Repository files navigation

AITicTacToeConnect4

This repository contains Python implementations of two classic games, Tic Tac Toe and Connect 4, as well as two reinforcement learning algorithms, Minimax with alpha-beta pruning and tabular Q-learning, that can learn to play these games. Also, the repository includes a default opponent that plays against the algorithms and can block winning moves.

Tic-Tac-Toe

Screenshot

Connect 4

Screenshot

Experiment

Games

  1. Tic-Tac-Toe Tic-Tac-Toe is a game for two players, where they take turns marking X’s and O’s on a 3x3 grid. The grid has 9 total states, and the goal is to get three of your marks in a row, either horizontally, vertically, or diagonally, before the other player does. The game is said to be draw if the grid is filled without a winner.

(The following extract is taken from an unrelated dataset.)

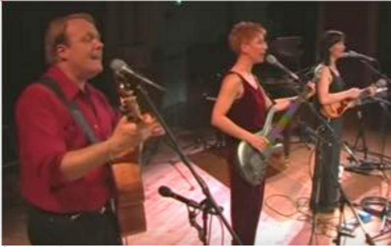
One Wild Dove video

  2. Connect 4 Connect4 is a game for two players, where they take turns putting colored discs into a grid of vertical spaces. The grid has a total of 42 states (7 columns and 6 rows), and the objective is to link four discs of your color horizontally, vertically, or diagonally before the other player does. The game is said to be draw if the grid is filled without a winner.

The two players in these games are played by the above-mentioned algorithms (Minimax, Q-Learning and Default Opponent) with each other and the performance is evaluated accordingly.

Performance Metrics

The performance of the algorithms is measured using the following metrics:

  • Win Rate – A number of games are played between agents of different algorithms, the outcome of each game is noted i.e., win, lose or draw. These numbers will be useful to estimate the accuracy of the algorithms in predicting and responding to different game scenarios.
  • Execution Time - A number of games are played between agents of different algorithms. The execution time of each game is noted. This metric will be useful to gauge the efficiency of the algorithm for further optimizations.

Design Choices

Q – Learning

Below highlighted values were chosen for the hyperparameters of Q- Leaning algorithm considering the Tic-Tac-Toe is a game consisting a total of 9 states and Connect 4 is a game consisting a total of 42 states.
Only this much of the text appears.